Now this is the point. You fancy me mad. Madmen know nothing. But you should have seen me. You should have seen how wisely I proceeded — with what caution — what foresight — with what dissimulation I went to work! I was never kinder to the old man than during the whole week before I killed him. And every night, about midnight, I turned the latch of his door and opened it — oh so gently! And then, when I had made an opening sufficient for my head, I put in a dark lantern, all closed, closed, so that no light shone out, and then I thrust in my head. Oh, you would have laughed to see how cunningly I thrust it in! I moved it slowly — very, very slowly, so that I might not disturb the old man’s sleep. It took me an hour to place my whole head within the opening so far that I could see him as he lay upon his bed. Ha! — would a madman have been so wise as this? And then, when my head was well in the room, I undid the lantern cautiously — oh, so cautiously — cautiously (for the hinges creaked) — I undid it just so much that a single thin ray fell upon the vulture eye. And this I did for seven long nights –every night just at midnight — but I found the eye always closed; and so it was impossible to do the work; for it was not the old man who vexed me, but his Evil Eye. And every morning, when the day broke, I went boldly into the chamber, and spoke courageously to him, calling him by name in a hearty tone, and inquiring how he has passed the night. So you see he would have been a very profound old man, indeed, to suspect that every night, just at twelve, I looked in upon him while he slept.
Upon the eighth night I was more than usually cautious in opening the door. A watch’s minute hand moves more quickly than did mine. Never before that night had I felt the extent of my own powers — of my sagacity. I could scarcely contain my feelings of triumph. To think that there I was, opening the door, little by little, and he not even to dream of my secret deeds or thoughts. I fairly chuckled at the idea; and perhaps he heard me; for he moved on the bed suddenly, as if startled. Now you may think that I drew back — but no. His room was as black as pitch with the thick darkness, (for the shutters were close fastened, through fear of robbers,) and so I knew that he could not see the opening of the door, and I kept pushing it on steadily, steadily.
I had my head in, and was about to open the lantern, when my thumb slipped upon the tin fastening, and the old man sprang up in bed, crying out — “Who’s there?”
I kept quite still and said nothing. For a whole hour I did not move a muscle, and in the meantime I did not hear him lie down. He was still sitting up in the bed listening; — just as I have done, night after night, hearkening to the death watches in the wall.

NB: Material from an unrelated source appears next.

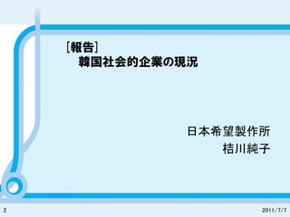 韓国社会的企業の現況 日本希望製作所 桔川純子 2 2011/7/7

Presently I heard a slight groan, and I knew it was the groan of mortal terror. It was not a groan of pain or of grief — oh, no! — it was the low stifled sound that arises from the bottom of the soul when overcharged with awe. I knew the sound well. Many a night, just at midnight, when all the world slept, it has welled up from my own bosom, deepening, with its dreadful echo, the terrors that distracted me. I say I knew it well. I knew what the old man felt, and pitied him, although I chuckled at heart. I knew that he had been lying awake ever since the first slight noise, when he had turned in the bed. His fears had been ever since growing upon him. He had been trying to fancy them causeless, but could not. He had been saying to himself — “It is nothing but the wind in the chimney — it is only a mouse crossing the floor,” or “It is merely a cricket which has made a single chirp.” Yes, he had been trying to comfort himself with these suppositions: but he had found all in vain. All in vain; because Death, in approaching him had stalked with his black shadow before him, and enveloped the victim. And it was the mournful influence of the unperceived shadow that caused him to feel — although he neither saw nor heard — to feel the presence of my head within the room.
When I had waited a long time, very patiently, without hearing him lie down, I resolved to open a little — a very, very little crevice in the lantern. So I opened it — you cannot imagine how stealthily, stealthily — until, at length a single dim ray, like the thread of the spider, shot from out the crevice and fell full upon the vulture eye.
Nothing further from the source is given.